LegalMinds Interview: “Say on Pay” and Other Issues for the Upcoming Proxy Season


Each proxy season seems to be getting more and more complicated in terms of the new requirements as to what both the SEC and shareholders expect and this year will be no exception.

According to David Lynn, Co-chair of Morrison & Foersters‘ Public Companies and Securities Practice and former Chief Counsel of the Securities and Exchange Commission, “this year’s proxy season is going to be very interesting for public companies because we’re gonna have a lot of shareholder activism – there’s a lot of attention focused on executive compensation and corporate governance.”

“And now we have the Dodd Frank Act,” adds Lynn, “which was enacted over the summer and will require all public companies to submit to their shareholders an advisory vote on executive compensation as well as a vote on how often they should vote on their executive compensation.”

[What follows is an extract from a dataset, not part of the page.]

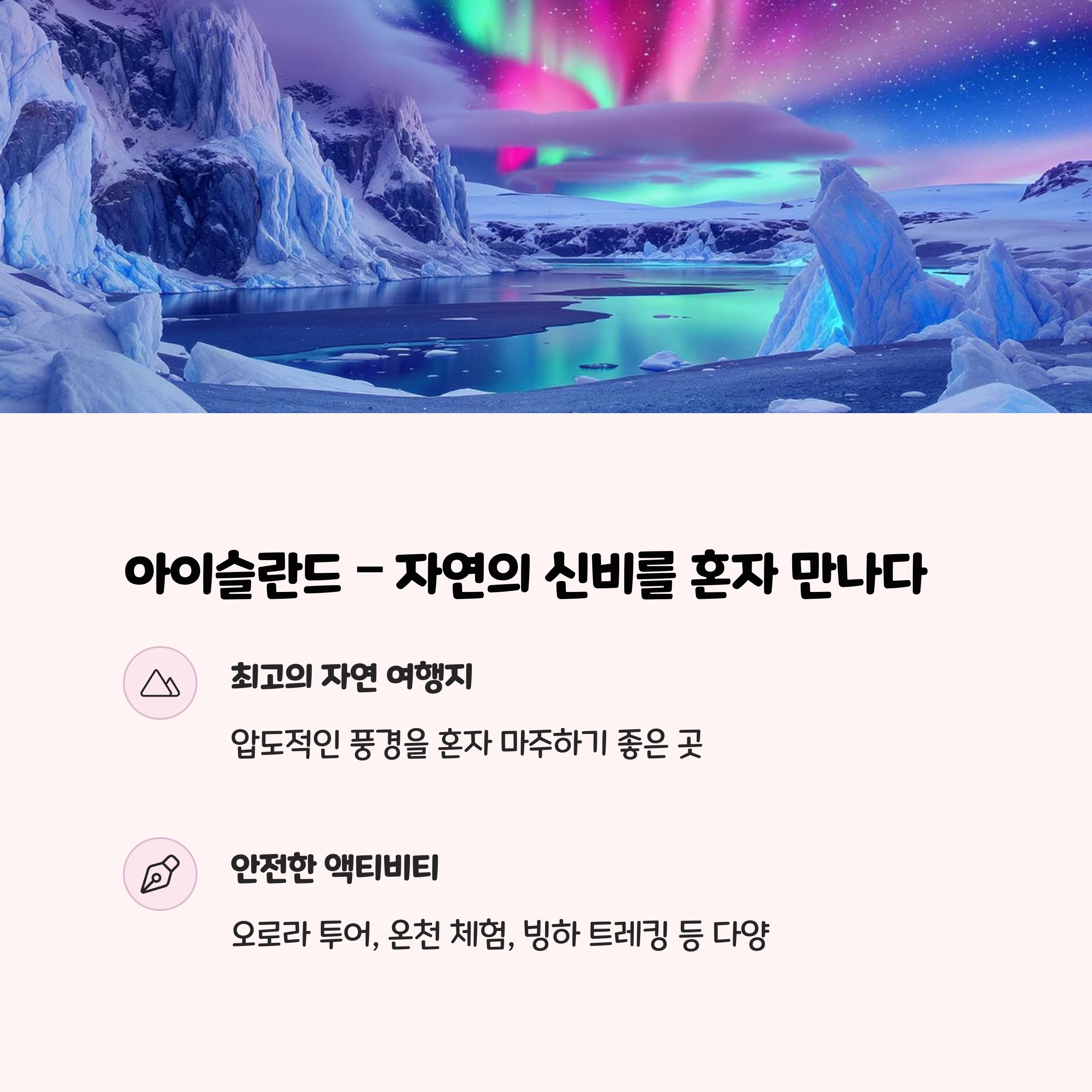오로라 투어, 온천 체험, 빙하 트레킹 등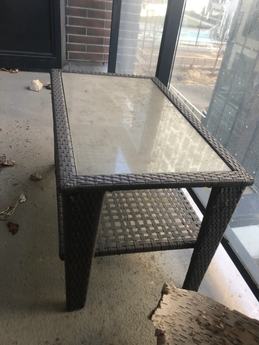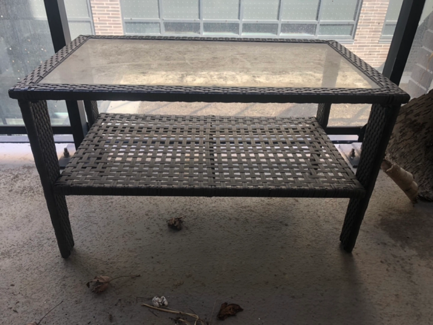 Small patio table, with a sturdy dark grey wicker frame. Glass top with a shelf. Great for small spaces

While this has been “lab tested” for companies that received TARP assistance, as Lynn puts it, for the first time “say-on-pay” is going be required for all public companies. So companies will need to start thinking very closely about their strategy and preparing for the say-on-pay vote.

In this exclusive LegalMinds/NASDAQ Securities & Capital Market Series interview, Lynn advises companies to focus on their disclosure because, while before companies had largely been thinking about writing their disclosures for the SEC or the public’s benefit, they now need to focus on convincing shareholders and building support so they cast an affirmative vote for the executive compensation program.

“This includes identifying their largest institutional investors, figuring out what sort of concerns and policies they might have about compensation programs, and going out and start talking to them.”